Moderna Stock Declines After Vaccines Day

Moderna (NASDAQ:MRNA), a biotech company based in Cambridge, Massachusetts, experienced a decline in its stock price by over 5% in morning trading after its “Vaccines Day” event failed to impress investors. The company had announced plans to launch six major vaccine products in the coming years, including candidates targeting viruses such as norovirus and Lyme disease, which would be its first bacterial vaccine. However, Moderna also revealed that its first influenza vaccine candidate did not meet the criteria for early success in a Phase 3 trial. This news dampened investor sentiment, resulting in a decline in Moderna’s stock price from its mid-2021 peak.

Churchill Downs Sells $600M Junk Bonds

Churchill Downs Inc. (NASDAQ:CHDN), renowned for owning the racetrack that hosts the prestigious Kentucky Derby, is in the process of selling $600 million of junk bonds to repay existing debt. The initial price talk for the senior unsecured notes, which have an eight-year term and are set to price today, is estimated to be between 6.75% and 6.875%, as per sources familiar with the matter. An investor call is scheduled to be hosted at 11 a.m. today, with JPMorgan Chase & Co. (NYSE:JPM) leading the transaction.

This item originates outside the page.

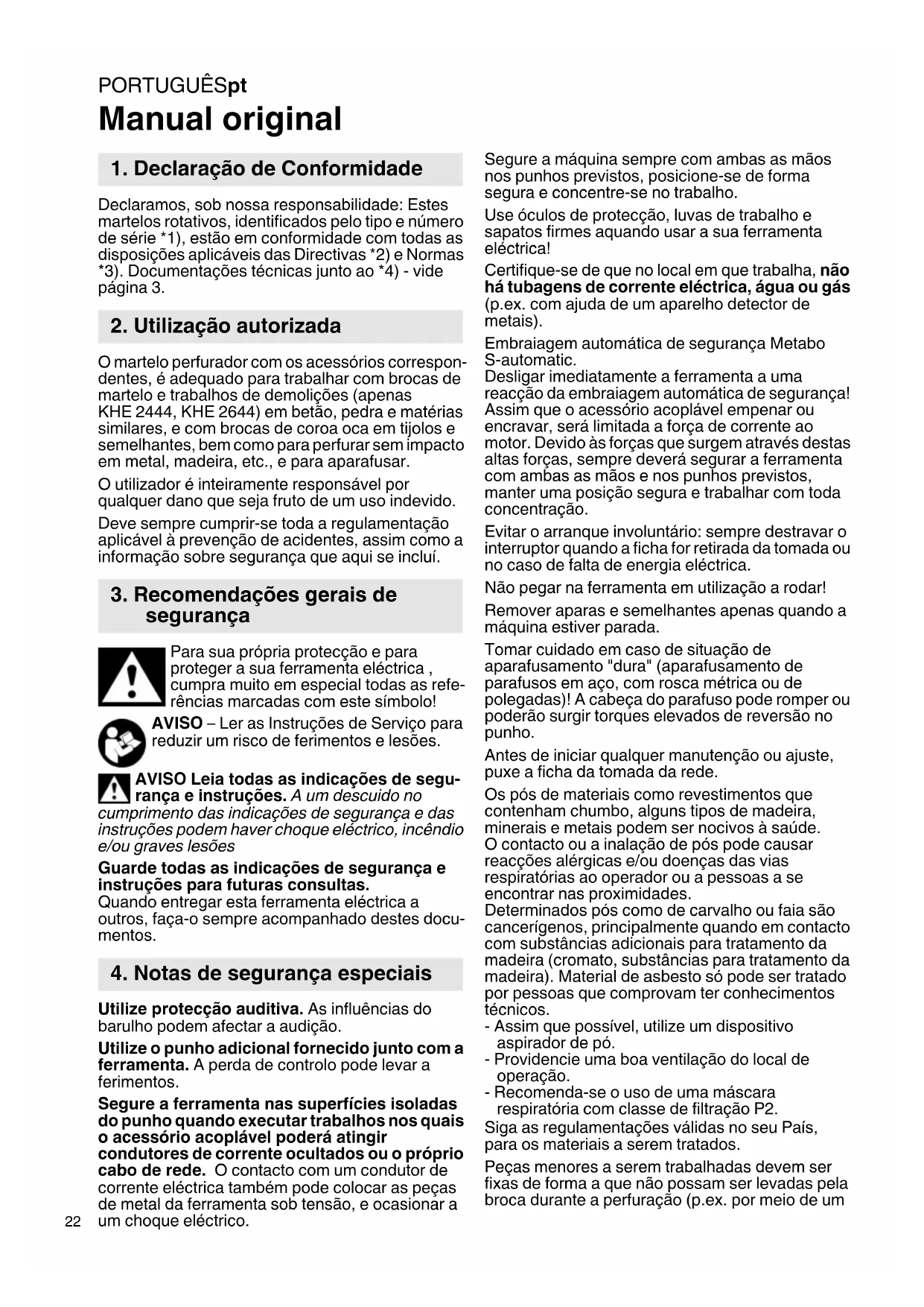 Manual original Declaramos, sob nossa responsabilidade: Estes martelos rotativos, identificados pelo tipo e número de série *1), estão em conformidade com todas as disposições aplicáveis das Directivas *2) e Normas *3). Documentações técnicas junto ao *4) - vide página 3. O martelo perfurador com os acessórios correspon- dentes, é adequado para trabalhar com brocas de martelo e trabalhos de demolições (apenas KHE 2444, KHE 2644) em betão, pedra e matérias similares, e com brocas de coroa oca em tijolos e semelhantes, bem como para perfurar sem impacto em metal, madeira, etc., e para aparafusar. O utilizador é inteiramente responsável por qualquer dano que seja fruto de um uso indevido. Deve sempre cumprir-se toda a regulamentação aplicável à prevenção de acidentes, assim como a informação sobre segurança que aqui se incluí. Para sua própria protecção e para proteger a sua ferramenta eléctrica , cumpra muito em especial todas as refe- rências marcadas com este símbolo! AVISO – Ler as Instruções de Serviço para reduzir um risco de ferimentos e lesões. AVISO Leia todas as indicações de segu- rança e instruções. A um descuido no cumprimento das indicações de segurança e das instruções podem haver choque eléctrico, incêndio e/ou graves lesões Guarde todas as indicações de segurança e instruções para futuras consultas. Quando entregar esta ferramenta eléctrica a outros, faça-o sempre acompanhado destes docu- mentos. Utilize protecção auditiva. As influências do barulho podem afectar a audição. Utilize o punho adicional fornecido junto com a ferramenta. A perda de controlo pode levar a ferimentos. Segure a ferramenta nas superfícies isoladas do punho quando executar trabalhos nos quais o acessório acoplável poderá atingir condutores de corrente ocultados ou o próprio cabo de rede. O contacto com um condutor de corrente eléctrica também pode colocar as peças de metal da ferramenta sob tensão, e ocasionar a um choque eléctrico. Segure a máquina sempre com ambas as mãos nos punhos previstos, posicione-se de forma segura e concentre-se no trabalho. Use óculos de protecção, luvas de trabalho e sapatos firmes aquando usar a sua ferramenta eléctrica! Certifique-se de que no local em que trabalha, não há tubagens de corrente eléctrica, água ou gás (p.ex. com ajuda de um aparelho detector de metais). Embraiagem automática de segurança Metabo S-automatic. Desligar imediatamente a ferramenta a uma reacção da embraiagem automática de segurança! Assim que o acessório acoplável empenar ou encravar, será limitada a força de corrente ao motor. Devido às forças que surgem através destas altas forças, sempre deverá segurar a ferramenta com ambas as mãos e nos punhos previstos, manter uma posição segura e trabalhar com toda concentração. Evitar o arranque involuntário: sempre destravar o interruptor quando a ficha for retirada da tomada ou no caso de falta de energia eléctrica. Não pegar na ferramenta em utilização a rodar! Remover aparas e semelhantes apenas quando a máquina estiver parada. Tomar cuidado em caso de situação de aparafusamento "dura" (aparafusamento de parafusos em aço, com rosca métrica ou de polegadas)! A cabeça do parafuso pode romper ou poderão surgir torques elevados de reversão no punho. Antes de iniciar qualquer manutenção ou ajuste, puxe a ficha da tomada da rede. Os pós de materiais como revestimentos que contenham chumbo, alguns tipos de madeira, minerais e metais podem ser nocivos à saúde. O contacto ou a inalação de pós pode causar reacções alérgicas e/ou doenças das vias respiratórias ao operador ou a pessoas a se encontrar nas proximidades. Determinados pós como de carvalho ou faia são cancerígenos, principalmente quando em contacto com substâncias adicionais para tratamento da madeira (cromato, substâncias para tratamento da madeira). Material de asbesto só pode ser tratado por pessoas que comprovam ter conhecimentos técnicos. - Assim que possível, utilize um dispositivo aspirador de pó. - Providencie uma boa ventilação do local de operação. - Recomenda-se o uso de uma máscara respiratória com classe de filtração P2. Siga as regulamentações válidas no seu País, para os materiais a serem tratados. Peças menores a serem trabalhadas devem ser fixas de forma a que não possam ser levadas pela broca durante a perfuração (p.ex. por meio de um

Macquarie Considers India Highway Project

Macquarie Group (ASX:MQG) is reportedly considering the sale of a portfolio of nine highway projects in India, and may seek at least $1.5 billion for the assets, according to insiders. The firm is currently engaged in preliminary discussions with advisers regarding the potential deal, with the individuals requesting anonymity due to the private nature of the matter. Deliberations are still at an early stage, and Macquarie may ultimately decide to retain the assets. A representative for Macquarie declined to provide comments.